В комнате достаточно тепло, однако меня все равно бьет непроходящая дрожь. Я стягиваю джинсы, но остаюсь в свитере и послушно забираюсь в постель – похоже, слушаться и доверять Люкову уже входит у меня в привычку.

Постель большая и холодная, не уютная, чужая. Я ложусь на самый край и укрываюсь одеялом до подбородка, желая по минимуму ощутить себя ее частью. Жду Люкова, не смыкая глаз, так и не выключив свет, и не прикрываю глаза даже тогда, когда он выходит из ванной комнаты и подходит к кровати. На мгновение склоняется надо мной, обдав запахом мужского геля и свежести, сдергивает подушку, свернутый в валик плед, еще один и расстилает себе на полу походную постель вблизи от меня. Щелкнув выключателем, раздвигает шторы – так, чтобы снежная ночь осветила комнату, и, не раздеваясь, ложится на пол, оставшись в джемпере и джинсах, забросив руки за голову.

И замирает, не выдает себя в тишине ни одним движением. И лишь спустя длинный выдох…

– Спокойной ночи, Воробышек.

И мой прервавшийся вздох…

– Спокойной, Илья.

И вновь тишина. И густая полутьма ночи, в которой мы долго лежим молча без сна, думая каждый о своем.

Я знаю, что он не спит. Его спокойное дыхание едва слышно, но ему не обмануть меня. Я поворачиваюсь на бок, затем на живот и чуть сползаю с края кровати, желая видеть хотя бы тень Люкова.

– Илья… – окликаю шепотом парня, упирая подбородок в подушку. – Ты спишь?

– Нет, – тихо отвечает он, подтверждая мою догадку. – Так же, как ты. Что случилось, птичка? Тебя что-то беспокоит?

– Нет, – дергаю я подбородком, пусть он этого и не видит, и тут же признаюсь: – То есть, да…

– Что? – бесцветно интересуется Люков.

– Собственная глупость. Илья, извини, я так глупо повела себя, когда ты сказал, что… когда я спросила тебя… Как маленькая, честное слово!

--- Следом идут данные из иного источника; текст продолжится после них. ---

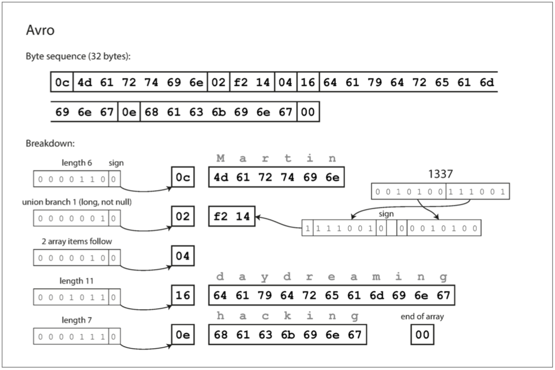 Martin Kleppmann: “Schema Evolution in Avro, Protocol Buffers and Thrift,” martin.kleppmann.com, December 5, 2012.

– Ну, не такая уж ты и взрослая.

– Но и далеко не подросток же, чтобы так шарахаться от слов на ровном месте! Глупо.

– Нет. Это мне не стоило говорить. Не знаю, что на меня нашло, – он шумно вздыхает. – Спи, Воробышек, уже поздно, я не собираюсь набрасываться на тебя.

– Знаю. Просто я хотела…

– Что? – Я чувствую, как Люков напрягается, поворачивая лицо в мою сторону. – Что же ты хотела, птичка? Кристальную слезу единорога? Или звезду с неба? Сегодня до неприличия звездная ночь, пожалуй, я мог бы попробовать.

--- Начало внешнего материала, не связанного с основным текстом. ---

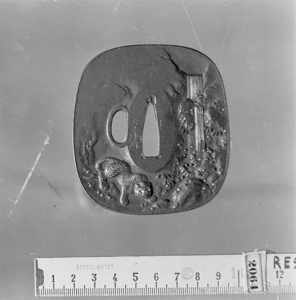 Tsuba rettangolare con katahitsu. Lavorazione in sukidashi-bori, iroe-taka-zogan, nunome-zogan. Sul recto è rappresentata una tigre presso una cascata, sul verso un corso d'acqua tra le rocce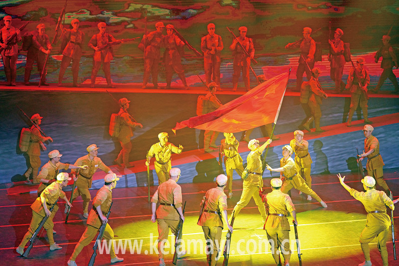 ????“明月出天山,蒼茫云海間。長(zhǎng)風(fēng)幾萬(wàn)里,吹度玉門(mén)關(guān)……”在詩(shī)人李白的《關(guān)山月》中,歷代將士們開(kāi)拓疆土的故事娓娓道來(lái);歌舞《甘泉流萬(wàn)家》講述了戍邊將士開(kāi)墾良田贏得人民喝彩的場(chǎng)景;《凱哥進(jìn)新疆》《穿越死亡之?!贰堆M(mǎn)天山路》……一首首經(jīng)過(guò)改編的曲目描繪了當(dāng)年解放軍進(jìn)入新疆的情景。演員們身著經(jīng)過(guò)歲月洗滌的軍裝,手持著坎土曼、扁擔(dān),再現(xiàn)了軍墾戰(zhàn)士歷經(jīng)千難萬(wàn)險(xiǎn),為新中國(guó)開(kāi)墾戍邊的偉大事跡。

Улыбка сама собой трогает мои губы: он все еще пытается приободрить меня.

– Сегодня я не стану загадывать желание, Илья.

– Почему?

– Потому что глупо желать большего, чем ты для меня сделал.

– Жаль, – серьезно отвечает Люков, снова направляя взгляд в окно, где светит заметно пополневшее с нашей прошлой встречи ночное светило. – Веришь, так и чешутся руки ухватить эту проклятую луну за хвост.

Он опускает руку на бедро полусогнутой ноги. Сдернув плед, чертыхается, недобро помянув градовский отель.

– Я хотела объяснить, о завтрашнем дне…

– Я говорил, птичка. Тебе не стоит больше бояться Ящера. Просто забудь о нем.

Просто забудь… Если бы это было так легко! Но…

Как он может так чувствовать меня? Буквально угадывая то, о чем я думаю? Разве так бывает? Но Люков удивительный, и я не могу не сказать ему об этом, выудив из водоворота мыслей самую неожиданную.

– Ты удивительный человек, Илья. Я очень хочу, чтобы ты был счастлив. И сердце у тебя вовсе не с желудь размером, – это Донг в сердцах сказал, – а большое и отзывчивое.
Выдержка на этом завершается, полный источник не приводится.